Created attachment 195345 [details] Patch for compatibility with base ntpd user Openntpd creates a user:group of _ntp:_ntp with ids 123:123. The base system now has an ntpd user with those numeric ids and a different home dir. Pass the --with-privsep-user=ntpd arg to configure on newer freebsd systems, and make a runtime check for chroot dir permissions compatible with the way freebsd base configures the ntpd home dir (owned by ntpd not root).
(Sorry, I wasn't aware of this PR until today.) The purpose of the base system ntpd user is to provide elevated privileges (compared to joe average user), e.g. the ability to set the clock. It also has a home directory it can write in. As part of OpenNTPD's privsep architecture, the point of the _ntp user is that it has no special privileges and the process running as _ntp gets chrooted into a directory it cannot even write to. If we want to reuse the ntpd user for OpenNTPD, we need to revoke its privileges, e.g. by setting security.mac.ntpd.enabled=0 in the rc.d script. I don't know what to do about the discrepant home directory permissions, maybe chown the directory in the rc.d script as well. Given that the ntpd and _ntp users are largely at cross-purposes, I think we should not reuse the ntpd user for OpenNTPD at all. Flipping privileges for the ntpd user between running base ntpd and OpenNTPD only makes things more complicated and brittle. I suggest that the ntpd and _ntp users should continue to exist as separate users. I'll look into what's required to move _ntp to a different numerical UID.

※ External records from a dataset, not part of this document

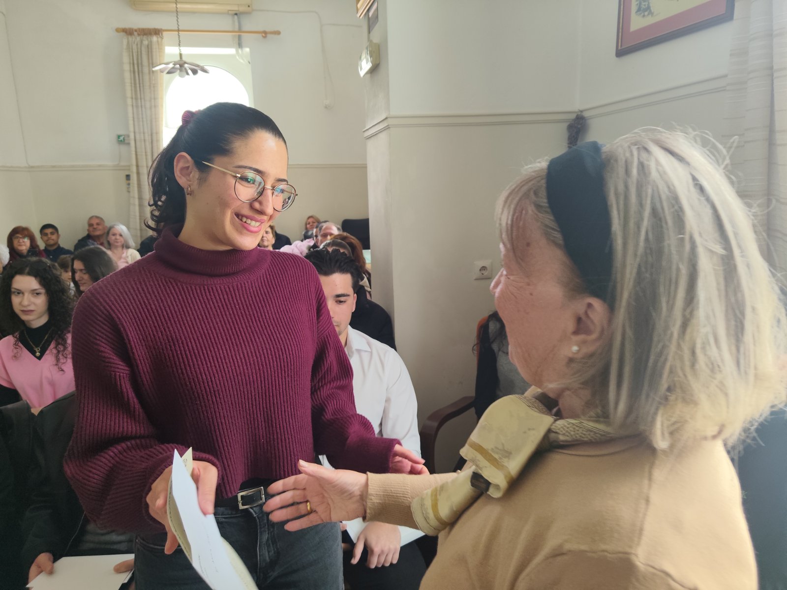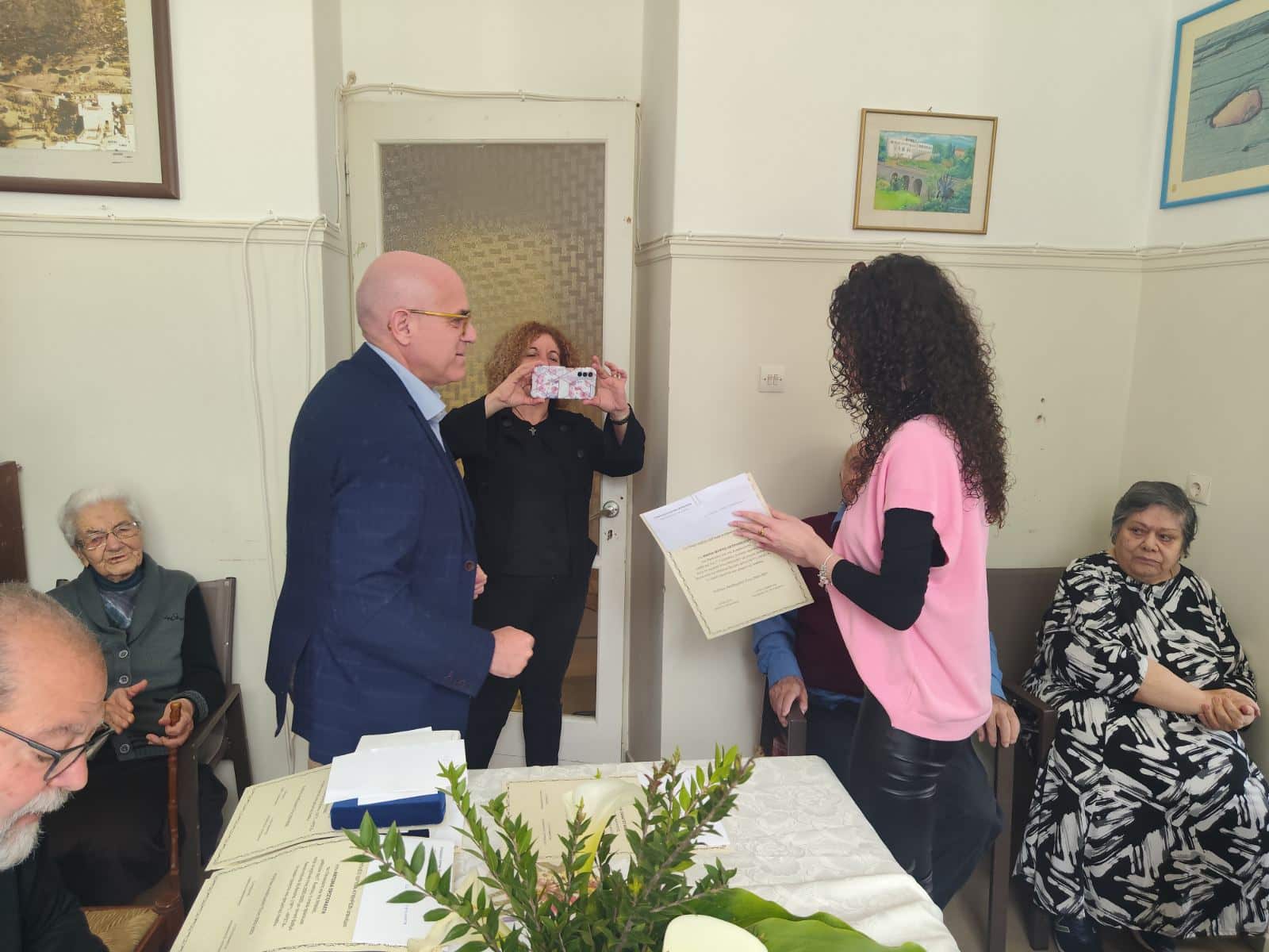 Μετά τη λήξη της τελετής, οι βραβευθέντες, οι συγγενείς τους και γενικά όσοι συμμετείχαν σ’ αυτήν αντάλλαξαν ευχές και συνομίλησαν με τους περιθαλπόμενους στο Γηροκομείο.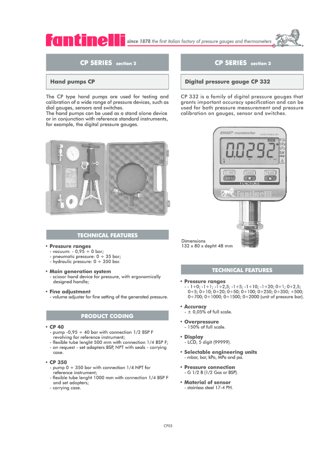 The CP type hand pumps are used for testing and calibration of a wide range of pressure devices, such as dial gauges, sensors and switches.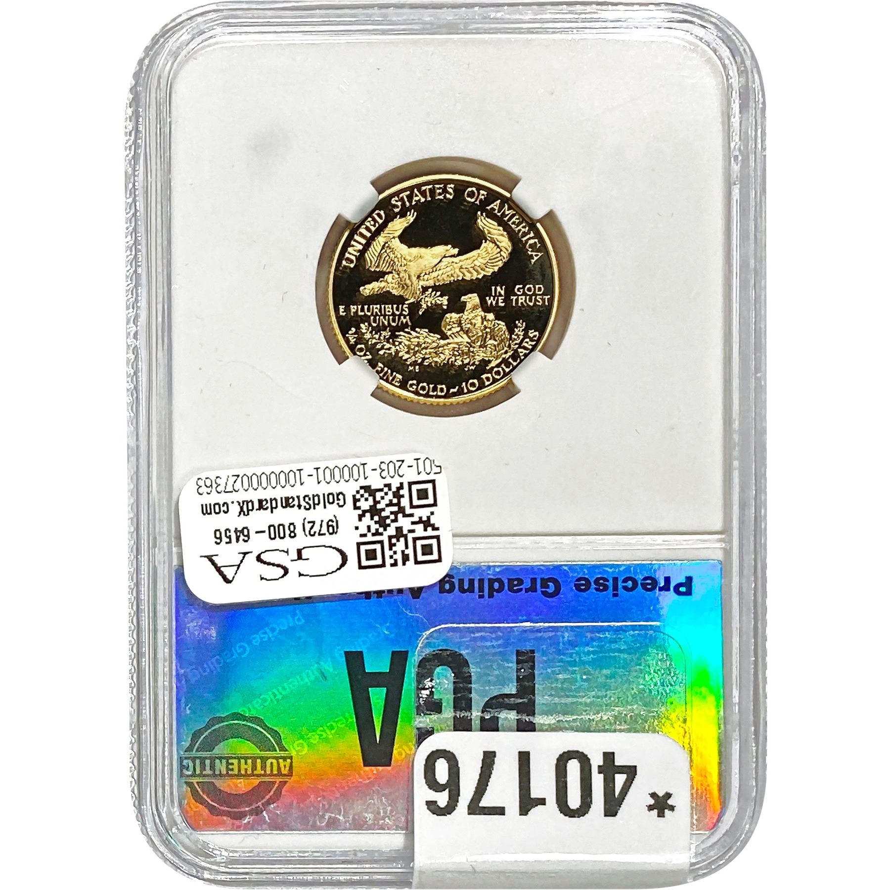 e. Coins sold referencing a third-party grading service are sold “AS IS” without any express or implied warranty, except for a guarantee by GSA that they are genuine. Removal or alteration of the holder, voids all of Bidder’s claims concerning that Product. Certain warranties may be available from the grading services and Bidders are referred to them for further details: Numismatic Guaranty Corporation (NGC), PO Box 4776, Sarasota, FL 34230, www.ngccoin.com/services/writtenguarantee.asp; Professional Coin Grading Services (PCGS), PO Box 9458, Newport Beach, CA 92658, www.pcgs.com/guarantee.html; ANACS, 6555 S. Kenton St., Ste. 303, Englewood, CO 80111; and Independent Coin Grading Co. (ICG), 7901 East Bellview, Ave., Suite 50, Englewood, CO 80111.

My main thought is that openntpd is so flawed that nobody should ever use it for any reason. The only reason that might have existed previously is that it runs with reduced privs (well, part of it does) and you couldn't easily run the real ntpd that way on freebsd. Now that reason is gone. That said, I'll just note that the mac_ntpd policy is already not enabled by default. A sysadmin has to either compile it into a custom kernel, or specifically ask for it to be loaded in loader.conf, or the rc.d script for the stock ntpd will auto-load it. The stock rc.d/ntpd script won't load it if openntpd is in use instead, and if the sysadmin has enabled mac_ntpd, the openntpd rc.d script absolutely should not undo that. If openntpd needs a directory to chroot into that isn't writeable and isn't used for anything, /var/empty might be a good candidate.
A commit references this bug: Author: naddy Date: Fri Aug 3 20:29:53 UTC 2018 New revision: 476321 URL: https://svnweb.freebsd.org/changeset/ports/476321 Log: Move the numerical ID for the "_ntp" user, required for net/openntpd's privilege separation, after its value was usurped by the new "ntpd" user in 12.0-CURRENT. PR: 229936 Changes: head/GIDs head/UIDs head/UPDATING head/net/openntpd/Makefile
I moved _ntp to a different numerical UID.